There were 43,548 adults in the trial; these subjects were healthy or had stable chronic medical conditions [23]. For operational reasons, the first two planned IAs were not performed. The first IA took place after 94 cases were accrued. The BNT162b2 vaccine met the primary efficacy endpoint with more than a 99.5% probability (efficacy threshold) that the true vaccine efficacy was greater than 30% [27]. The IA outcome was released by Pfizer on Nov 9th, 2020 [28]. Moreover, the final analysis of the primary efficacy endpoint took place soon after the IA due to fast accrual of COVID cases caused by the second wave [29]. The final analysis also met the prespecified success criteria, i.e., to establish a probability above 98.6% (observed value > 99.99%) that the true VE was greater than 30%; this greatly exceeded the minimum FDA criteria for authorization. The EUA (Emergency Use Authorization) was based on the final analysis, which took place only one week after the IA. Note that for final approval, the FDA asked for longer-term safety data.

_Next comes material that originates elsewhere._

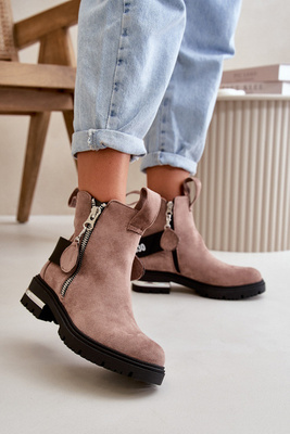 Ocieplane Botki Damskie Z Suwakiem Ciemnobeżowe Calvaro
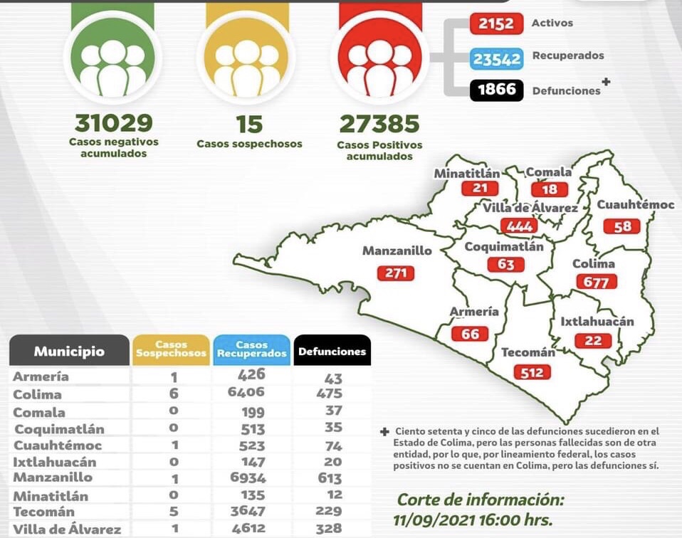 Registra Colima 193 casos nuevos y 23 muertes por Covid-19.

The Bayesian study design provided flexibility without compromising the quality of evidence. This design directly quantified the probability that a study hypothesis (VE ≥ 30%) was true given the trial data. This was particularly useful for early interim analyses where traditional adaptive frequentist designs could be overly conservative. The Bayesian design provided a straightforward way to set up a meaningful interim analysis plan, and the analysis used for the primary analysis provided strong evidence of vaccine efficacy.
Use of Informative Priors in Clinical Trials
Informative priors can be leveraged when there are relevant data external to the trial being planned. In such cases, Bayesian methods may result in a reduced sample size. With the use of informative priors, Bayesian methods provide for incorporating, or borrowing information from clinically relevant external evidence, without compromising the statistical validity of the trial. Bayesian borrowing can reduce sample size if external data such as previous RCTs or Natural History Studies (NHS) are available, and these data are in agreement with the data accumulating from the concurrent trial in terms of the population characteristics and outcomes of interest. Several important considerations for the selection of external data are outlined in Fig. 8.
Figure 8.
Considerations for selection and use of external data.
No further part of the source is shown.